Each record is to be copied exactly, with its pictures left behind.

RECORD SET:

===============

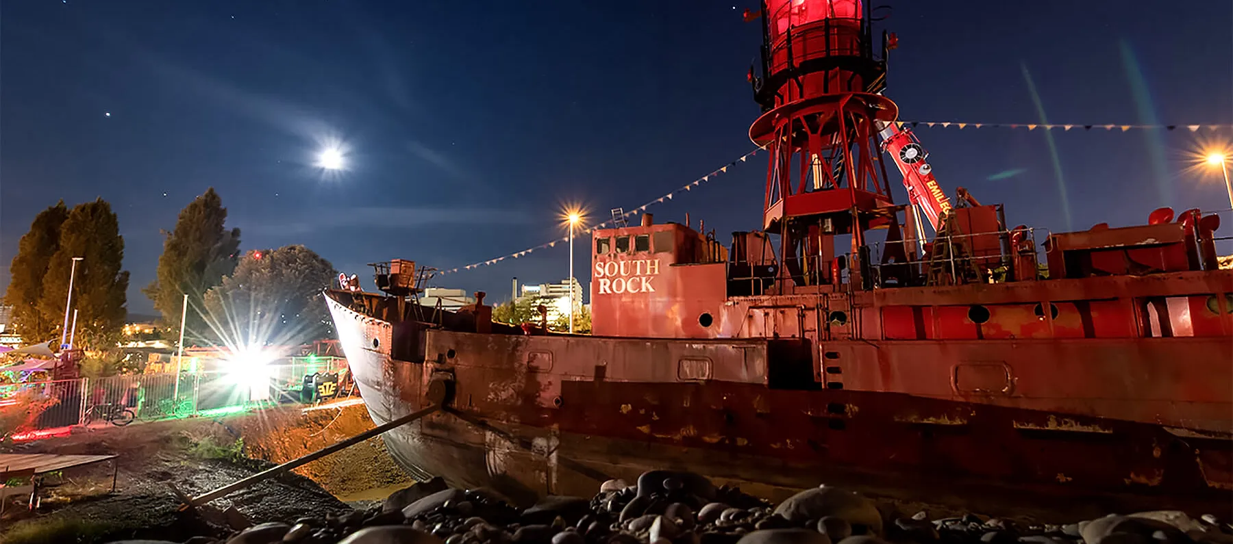 Feuerschiffe haben ein wildes Leben. 55 bewegte Jahre warnte die «Gannet» (zu dt. Tölpel) andere Schiffe vor schroffen Klippen. Doch bei übler Sicht und hohem Seegang halfen weder ihr 12 Meter hoher Leuchtturm noch die rote Warnfarbe. Oft brauchte es die vollen 42 Meter Körpereinsatz, damit Schiffe in Not nicht vor Irlands Küste zerschellten. Schaurige Narben und eine tiefe Kerbe im Schiffbauch zeugen von heftigen Kämpfen. Gut, hat das Feuerschiff eine dicke Haut, fast zwei Zentimeter besten Stahl. Macht 550 Tonnen Lebendgewicht.
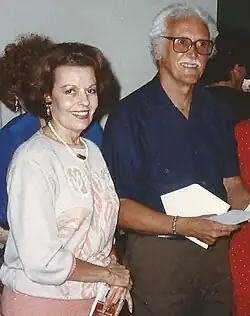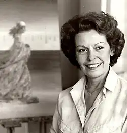 Holland attended high school in her hometown of Caguas. Her teacher, Victor Torres Lizardi, a painter from Caguas, taught her pen and ink along with watercolors.[5] After some spirited family discussions, Holland followed her artistic interests majoring in art at Nazareth Junior College in Bardstown, Kentucky (currently Spalding University).[4] She received her diploma on June 3, 1948. Upon graduation, Holland returned home and enrolled at the University of Puerto Rico, UPR. One of her art teachers was Professor Guillermo Sureda.[6] He took an interest in her and continued her education with watercolors. Sureda was from Spain and his wife, like Holland, was from Puerto Rico. Professor Fran Cervoni, another art teacher, taught design to her.[3] Professor Cristobol Ruiz introduced Holland to oils.[3] Holland graduated with a bachelor's degree in art on May 27, 1949.[4] The UPR recognized her design abilities and Cervoni helped Holland obtain a fellowship to the Fashion Institute of Technology in New York City[4] where she studied under various artists, including Arnold Burchess.[5] Holland received an Associate in Applied Science from FIT on June 11, 1964. During this time she divorced her first husband, Emigdio Buonomo.
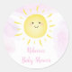 Pegatina Redonda Baby Shower Chica rosa de nubes solares
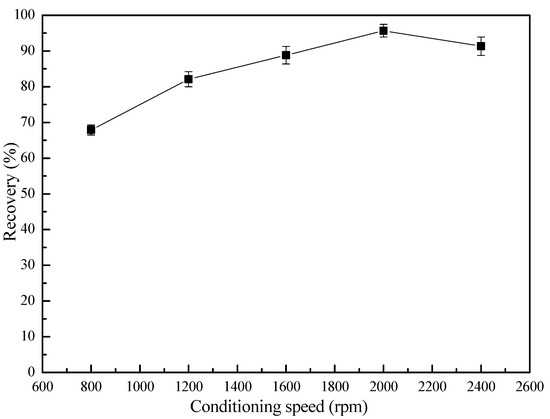 Analogous to bubble–particle interactions, the adhesion between smithsonite and polystyrene can be explained using the probabilities of attachment and detachment. Figure 5 shows smithsonite recovery as a function of stirring intensity. As agitation intensity increased, the system’s energy input was able to overcome the medium resistance raised from particle collision. This energy can also be used to overcome the energy barrier amid smithsonite–polystyrene–bubble interaction. As a result, the hydrophobized fine smithsonite particles interacted with and adhered to the surface of coarse polystyrene particles when the agitation was increased up to 2000 rpm, which led to a high recovery of smithsonite. A further increase in conditioning speed (>2000 rpm) would cause detachment of the adhered ultrafine particles or disrupt the formed smithsonite–polystyrene aggregates due to the high shear forces at the contact surface [34].
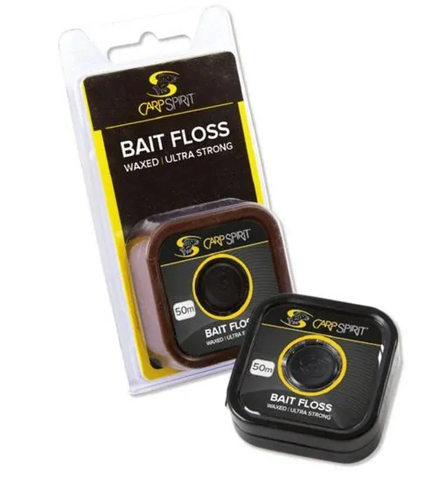 CARP SPIRIT Bait Floss 50m je plochá, pevná a voskovaná nitka pro jednoduché připevnění nástrah typu pop-up, wafters nebo kombinací tzv. „na panáčka“.
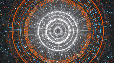 An abstract digital illustration presents a circular design comprised of concentric rings and radiating lines. The color palette includes orange, blue, and white elements against a dark backdrop. The composition suggests a technological or scientific concept, lending itself to various commercial and design projects.
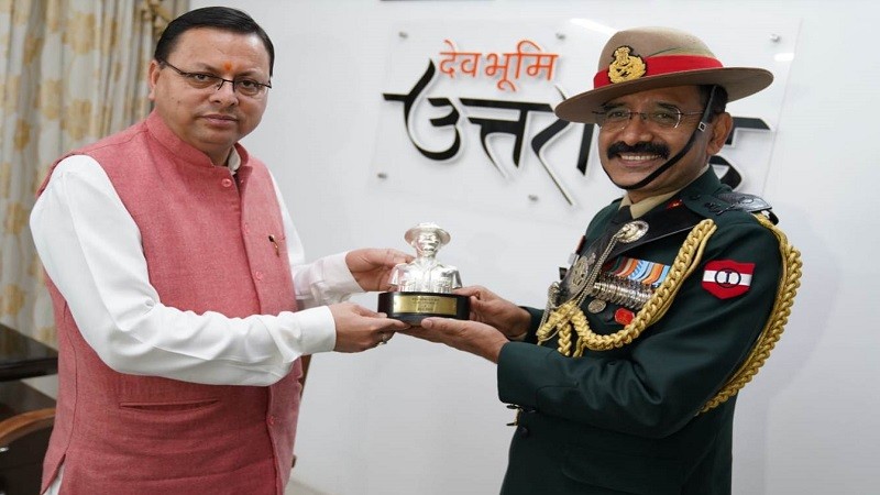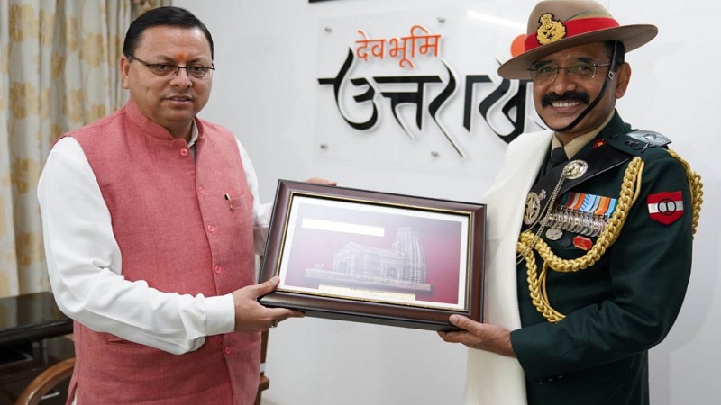सीएम धामी से लेफ्टि. जनरल गजेन्द्र जोशी, ए.वी.एस.एम., एस.एम 01 कोर कमाण्डर ने शिष्टाचार की भेंट
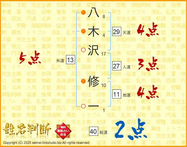八(8画)木(4画)沢(17画) 修(10画)一(1画)
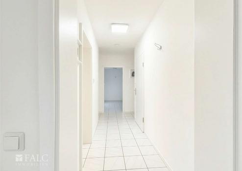 Bereits beim Betreten der Wohnung gelangen Sie in einen einladenden Flur, der als zentrale Verteilerachse dient. Von hier aus erschließen sich alle Räume der Wohnung optimal.
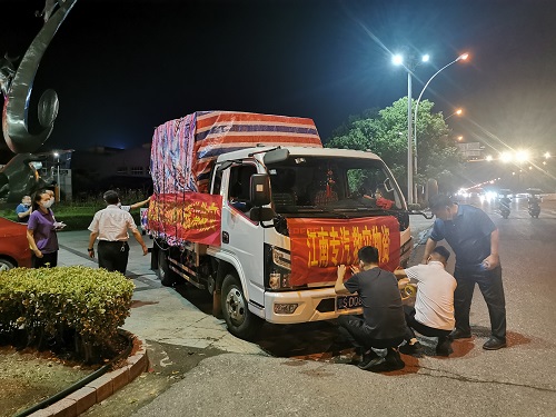 一方有难,八方支援!湖北江南迅速启动公司“爱心计划”,12日晚10点,为柳林镇募集的5万元捐款及价值5万元的物资已经全部集结完毕,在总经理甘子林的带领下连夜启程奔赴灾区。
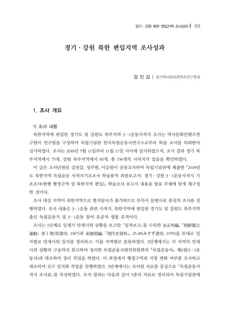 경기·강원 북한 편입지역 조사성과❙ 69 경기·강원 북한 편입지역 조사성과 강 진 갑 | 경기역사문화콘텐츠연구원장 1. 조사 개요 1) 조사 내용 북한지역에 편입된 경기도 및 강원도 북부지역 3·1운동사적지 조사는 역사문화콘텐츠연 구원이 연구팀을 구성하여 독립기념관 한국독립운동사연구소로부터 학술 조사를 의뢰받아 실시하였다. 조사는 2018년 5월 11일부터 11월 11일 사이에 실시하였으며, 조사 결과 경기 북 부지역에서 75개, 강원 북부지역에서 83개, 총 158개의 사적지가 있음을 확인하였다. 이 글은 조사단원인 강진갑, 성주현, 이승원이 공동조사하여 독립기념관에 제출한 2018년 도 북한지역 독립운동 사적지기초조사 학술용역 최종보고서/ 경기·강원 3·1운동사적지 기 초조사(현행 행정구역 상 북한지역 편입) 학술조사 보고서 내용을 발표 주제에 맞게 재구성 한 것이다. 조사 대상 지역이 북한지역으로 현지답사가 불가하므로 부득이 문헌사료 중심의 조사를 진 행하였다. 조사 내용은 3·1운동 관련 사적지, 북한지역에 편입된 경기도 및 강원도 북부지역 출신 독립운동가 및 3·1운동 참여 유공자 생몰 유적이다. 조사는 1단계로 일제가 만세시위 상황을 보고한 「일차보고」를 수록한 金正明編, 朝鮮獨立 運動 第Ⅰ卷(原書房, 1967)과 姜德相編, 現代史資料, 25-28(みすず書房, 1970)을 토대로 일 자별로 만세시위 일지를 정리하고, 이를 지역별로 분류하였다. 2단계에서는 각 지역의 만세 시위 상황의 구술까지 참고하여 정리한 독립운동사편찬위원회의 독립운동사 제2권(3·1운 동사)과 대조하여 정리 작업을 하였다. 이 과정에서 행정구역과 지명 변화 여부를 조사하고 대조하여 신구 일치화 작업을 진행하였다. 3단계에서는 조사된 자료를 중심으로 「독립운동사 적지 조사표」를 작성하였다. 조사 결과는 다음과 같이 5종의 자료로 정리되어 독립기념관에
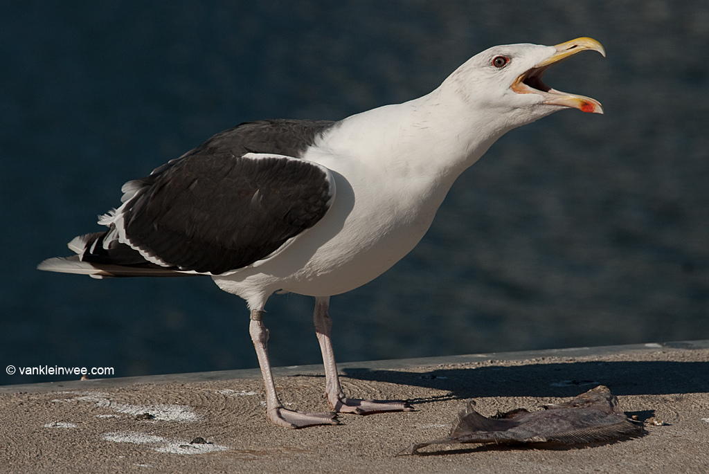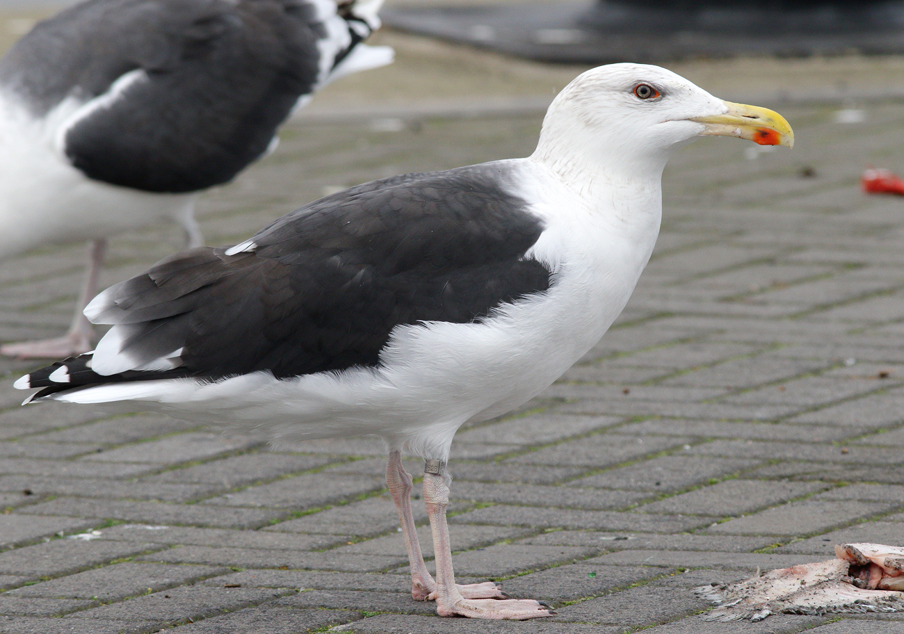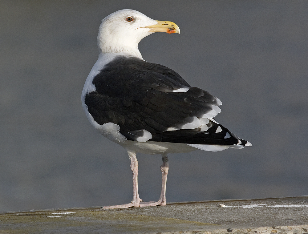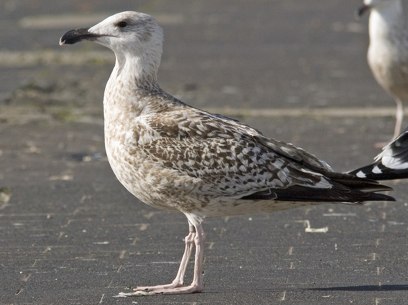 Great Black-backed Gull (Larus marinus) NLA 6.038.628 March 2007, October 2011 & October-December 2015, IJmuiden, the Netherlands.Ringed as 1cy metal tibia NLA 6.038.628, on October 08 2006 at IJmuiden, the Netherlands by Frank Majoor. No provenance on origin. below: 2cy VTO 6.038.628 March 05 2007, IJmuiden. A Dutch ringed bird with almost all scapulars 2nd generation. below: Stef Waasdorp. below: 5cy VTO 6.038.628 October 16 2011, IJmuiden. Picture: Maarten van Kleinwee. Intimidating adult. Moult: P7 / P10; S2. below: 6cy VTO 6.038.628 January 13 2012, IJmuiden, the Netherlands. below: 10cy VTO 6.038.628 October 29 2015, IJmuiden, the Netherlands. P7 fully grown. below: 10cy VTO 6.038.628 December 03 2015, IJmuiden, the Netherlands. P8 fully grown, P9>P7, P10=P5. PMS=47. |
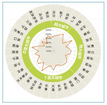 特大城市中,4成未达到同等规模城市的平均水平;10座Ⅰ型大城市,虽然表现都在36城平均线以上,但值得注意的是,未达同规模城市平均水平的5座城市,分别来自中部(长沙、合肥)及东北地区(哈尔滨、长春、大连)。
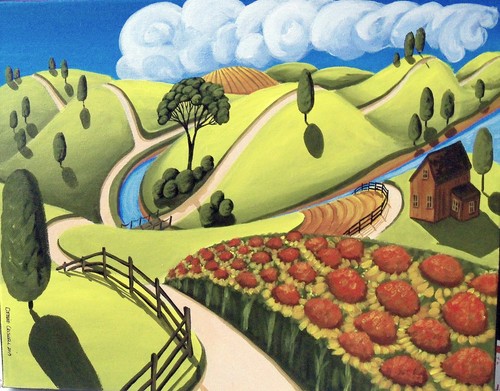 Painting: Original Painting Folk Art Landscape Modern Simplistic Winter Snow Trees Shadow
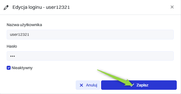 | 3 | Nieaktywny - Checkbox, który po zaznaczeniu oznacza, że konto użytkownika jest nieaktywne. Nieaktywne konta nie mają dostępu do systemu. |
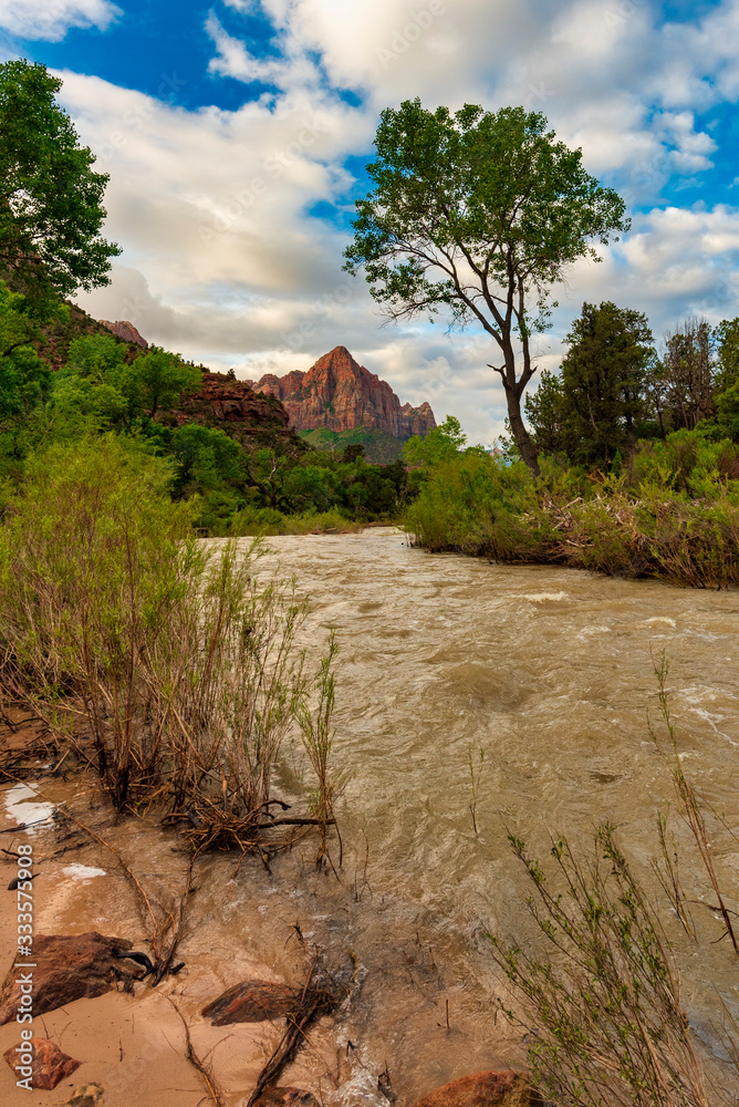 The Watchman mountain viewed from the Virgin River in Zion National Park, Utah.

===============

RESPONSE:
 Feuerschiffe haben ein wildes Leben. 55 bewegte Jahre warnte die «Gannet» (zu dt. Tölpel) andere Schiffe vor schroffen Klippen. Doch bei übler Sicht und hohem Seegang halfen weder ihr 12 Meter hoher Leuchtturm noch die rote Warnfarbe. Oft brauchte es die vollen 42 Meter Körpereinsatz, damit Schiffe in Not nicht vor Irlands Küste zerschellten. Schaurige Narben und eine tiefe Kerbe im Schiffbauch zeugen von heftigen Kämpfen. Gut, hat das Feuerschiff eine dicke Haut, fast zwei Zentimeter besten Stahl. Macht 550 Tonnen Lebendgewicht.
 Holland attended high school in her hometown of Caguas. Her teacher, Victor Torres Lizardi, a painter from Caguas, taught her pen and ink along with watercolors.[5] After some spirited family discussions, Holland followed her artistic interests majoring in art at Nazareth Junior College in Bardstown, Kentucky (currently Spalding University).[4] She received her diploma on June 3, 1948. Upon graduation, Holland returned home and enrolled at the University of Puerto Rico, UPR. One of her art teachers was Professor Guillermo Sureda.[6] He took an interest in her and continued her education with watercolors. Sureda was from Spain and his wife, like Holland, was from Puerto Rico. Professor Fran Cervoni, another art teacher, taught design to her.[3] Professor Cristobol Ruiz introduced Holland to oils.[3] Holland graduated with a bachelor's degree in art on May 27, 1949.[4] The UPR recognized her design abilities and Cervoni helped Holland obtain a fellowship to the Fashion Institute of Technology in New York City[4] where she studied under various artists, including Arnold Burchess.[5] Holland received an Associate in Applied Science from FIT on June 11, 1964. During this time she divorced her first husband, Emigdio Buonomo.
 Pegatina Redonda Baby Shower Chica rosa de nubes solares
 Analogous to bubble–particle interactions, the adhesion between smithsonite and polystyrene can be explained using the probabilities of attachment and detachment. Figure 5 shows smithsonite recovery as a function of stirring intensity. As agitation intensity increased, the system’s energy input was able to overcome the medium resistance raised from particle collision. This energy can also be used to overcome the energy barrier amid smithsonite–polystyrene–bubble interaction. As a result, the hydrophobized fine smithsonite particles interacted with and adhered to the surface of coarse polystyrene particles when the agitation was increased up to 2000 rpm, which led to a high recovery of smithsonite. A further increase in conditioning speed (>2000 rpm) would cause detachment of the adhered ultrafine particles or disrupt the formed smithsonite–polystyrene aggregates due to the high shear forces at the contact surface [34].
 CARP SPIRIT Bait Floss 50m je plochá, pevná a voskovaná nitka pro jednoduché připevnění nástrah typu pop-up, wafters nebo kombinací tzv. „na panáčka“.
 An abstract digital illustration presents a circular design comprised of concentric rings and radiating lines. The color palette includes orange, blue, and white elements against a dark backdrop. The composition suggests a technological or scientific concept, lending itself to various commercial and design projects.
सीएम धामी से लेफ्टि. जनरल गजेन्द्र जोशी, ए.वी.एस.एम., एस.एम 01 कोर कमाण्डर ने शिष्टाचार की भेंट
八(8画)木(4画)沢(17画) 修(10画)一(1画)
 Bereits beim Betreten der Wohnung gelangen Sie in einen einladenden Flur, der als zentrale Verteilerachse dient. Von hier aus erschließen sich alle Räume der Wohnung optimal.
 一方有难,八方支援!湖北江南迅速启动公司“爱心计划”,12日晚10点,为柳林镇募集的5万元捐款及价值5万元的物资已经全部集结完毕,在总经理甘子林的带领下连夜启程奔赴灾区。
 경기·강원 북한 편입지역 조사성과❙ 69 경기·강원 북한 편입지역 조사성과 강 진 갑 | 경기역사문화콘텐츠연구원장 1. 조사 개요 1) 조사 내용 북한지역에 편입된 경기도 및 강원도 북부지역 3·1운동사적지 조사는 역사문화콘텐츠연 구원이 연구팀을 구성하여 독립기념관 한국독립운동사연구소로부터 학술 조사를 의뢰받아 실시하였다. 조사는 2018년 5월 11일부터 11월 11일 사이에 실시하였으며, 조사 결과 경기 북 부지역에서 75개, 강원 북부지역에서 83개, 총 158개의 사적지가 있음을 확인하였다. 이 글은 조사단원인 강진갑, 성주현, 이승원이 공동조사하여 독립기념관에 제출한 2018년 도 북한지역 독립운동 사적지기초조사 학술용역 최종보고서/ 경기·강원 3·1운동사적지 기 초조사(현행 행정구역 상 북한지역 편입) 학술조사 보고서 내용을 발표 주제에 맞게 재구성 한 것이다. 조사 대상 지역이 북한지역으로 현지답사가 불가하므로 부득이 문헌사료 중심의 조사를 진 행하였다. 조사 내용은 3·1운동 관련 사적지, 북한지역에 편입된 경기도 및 강원도 북부지역 출신 독립운동가 및 3·1운동 참여 유공자 생몰 유적이다. 조사는 1단계로 일제가 만세시위 상황을 보고한 「일차보고」를 수록한 金正明編, 朝鮮獨立 運動 第Ⅰ卷(原書房, 1967)과 姜德相編, 現代史資料, 25-28(みすず書房, 1970)을 토대로 일 자별로 만세시위 일지를 정리하고, 이를 지역별로 분류하였다. 2단계에서는 각 지역의 만세 시위 상황의 구술까지 참고하여 정리한 독립운동사편찬위원회의 독립운동사 제2권(3·1운 동사)과 대조하여 정리 작업을 하였다. 이 과정에서 행정구역과 지명 변화 여부를 조사하고 대조하여 신구 일치화 작업을 진행하였다. 3단계에서는 조사된 자료를 중심으로 「독립운동사 적지 조사표」를 작성하였다. 조사 결과는 다음과 같이 5종의 자료로 정리되어 독립기념관에
 Great Black-backed Gull (Larus marinus) NLA 6.038.628 March 2007, October 2011 & October-December 2015, IJmuiden, the Netherlands.Ringed as 1cy metal tibia NLA 6.038.628, on October 08 2006 at IJmuiden, the Netherlands by Frank Majoor. No provenance on origin. below: 2cy VTO 6.038.628 March 05 2007, IJmuiden. A Dutch ringed bird with almost all scapulars 2nd generation. below: Stef Waasdorp. below: 5cy VTO 6.038.628 October 16 2011, IJmuiden. Picture: Maarten van Kleinwee. Intimidating adult. Moult: P7 / P10; S2. below: 6cy VTO 6.038.628 January 13 2012, IJmuiden, the Netherlands. below: 10cy VTO 6.038.628 October 29 2015, IJmuiden, the Netherlands. P7 fully grown. below: 10cy VTO 6.038.628 December 03 2015, IJmuiden, the Netherlands. P8 fully grown, P9>P7, P10=P5. PMS=47. |
 特大城市中,4成未达到同等规模城市的平均水平;10座Ⅰ型大城市,虽然表现都在36城平均线以上,但值得注意的是,未达同规模城市平均水平的5座城市,分别来自中部(长沙、合肥)及东北地区(哈尔滨、长春、大连)。
 Painting: Original Painting Folk Art Landscape Modern Simplistic Winter Snow Trees Shadow
 | 3 | Nieaktywny - Checkbox, który po zaznaczeniu oznacza, że konto użytkownika jest nieaktywne. Nieaktywne konta nie mają dostępu do systemu. |
 The Watchman mountain viewed from the Virgin River in Zion National Park, Utah.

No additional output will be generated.